Die Frau ist tot. Die Tatumstände geben keinen eindeutigen Hinweis darauf, ob es eine Selbsttötung war oder ob der Mandant sie getötet hat. Weitere Tatalternativen gibt es nicht.

Es spricht sehr viel für einen Suizid. Der Mandant sitzt deswegen auch nicht in Untersuchungshaft. Obwohl die Staatsanwaltschaften sonst sehr schnell mit dem Antrag auf Erlaß eines Haftbefehls bei der Hand sind, wenn es sich um einen Ausländer handelt.

Der Mandant nimmt meinen Rat an und verteidigt sich durch Schweigen. Obwohl es ihm sehr schwer fällt, die (falschen) Behauptungen und (vagen) Vermutungen der anderen Zeugen nicht richtig stellen zu können. Er hält sich eisern an die Regel: Erst Akteneinsicht, dann Stellungnahme. Nicht umgekehrt.

Ich bekomme die Ermittlungsakte. Es fehlen die Ermittlungen der letzten beiden Wochen. Der Obduktionsbericht ist auch nicht dabei. Deswegen schweigt mein Mandant weiter. Das Vorenthalten wichtiger Aktenbestandteile macht mich mißtrauisch.

Der Mandant leidet weiter. Deswegen holt er sich telefonisch und per eMail den Rat einer befreundeten Psychologin ein. Die teilt dem Mandanten mit, daß das Schweigen falsch ist. Sie weiß es besser. Auch ohne Aktenkenntnis. Er soll doch die Fragen der Mordkommission beantworten. Alles richtig stellen. Er hat doch nichts zu verbergen. Dann wird alles gut und die Kriminalbeamten stellen ihre Arbeit ein. Sie kennt das.

Und außerdem: Was soll denn aus seiner Tochter werden, wenn die Polizei ihn zu einer Zwangsbefragung abholt.

Manchen Menschen sollte man verbieten, nachmittags den Fernseher einzuschalten. Diese Gerichtsshows sind einfach zu gefährlich. Jedenfalls für einige Psychologinnen.

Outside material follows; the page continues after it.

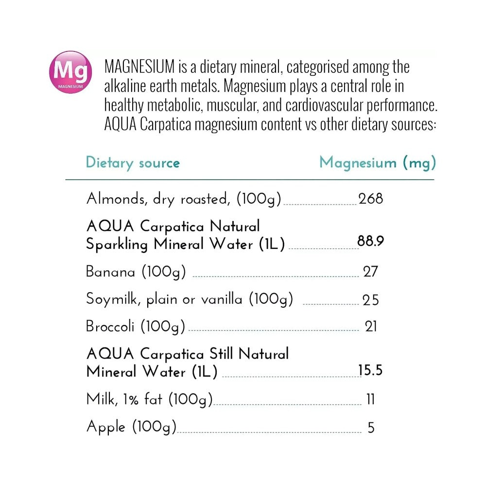 AQUA Carpatica is drawn from two pristine and pure aquifers, nestled deep in the heart of the untouched Carpathian Mountains. Through a natural 20 to 40-year filtration in a location with no agriculture or industrial activity in the surrounding areas, AQUA Carpatica's source is protected from chemicals, fertilizers, CFCs and other contaminants, meaning it is simply as natural mineral water should be; virtually nitrate free, with a crisp and refreshing taste that provides perfect purity and nourishment from the first drop to the last.

Dieser Beitrag wurde unter Allgemeines (Kanzlei) veröffentlicht.

4 Antworten auf Der Ratschlag der Psychologin

  1. 1
    Kampfschmuser says:

    Da ist man erst mal sprach- bzw. wortlos.

    Dem letzten Absatz kann man nur beipflichten. Die gute Frau gehört verboten. Den Kopfwaschen wird da wohl nicht viel nützen.

    Der Mandant redet sich in seinen Klarstellungsversuchen um Kopf und Kragen, das Gericht glaubt am Ende vielleicht sogar an die Schuld, der Mandant wandert 15 Jahre in den Bau und die Psychologin kann ihn dann fleissig betreuen? Ist das Kundenbindung oder wie nennt man sowas?

    Eigentlich gehört die Psychologin bildlich nackt mit dem Knüppel durchs Gericht getrieben.

    PS: Geben sie ihr doch mal den Link zum Blog. ;)

  2. 2
    doppelfish says:

    Alleine die Ferndiagnose über Telefon und eMail ist, freundlich ausgedrückt, ein schwerer Kunstfehler.

  3. 3
    Das Ich says:

    @ Anwälte: Was bitte ist eine „Zwangsbefragung“? Gibt´s doch nicht wirklich, oder?
    Und? Hat der Mandant nun geredet? Oder konnten sie ihn noch aufhalten?

  4. 4

    @ Das Ich:

    Seit den Versuchen eines gewissen Herrn Daschner aus Frankfurt /M ist eine Art Zwangsbefragung wieder diskutiert worden. Aber so richtig gesellschaftsfähig ist sie (noch) nicht (wieder).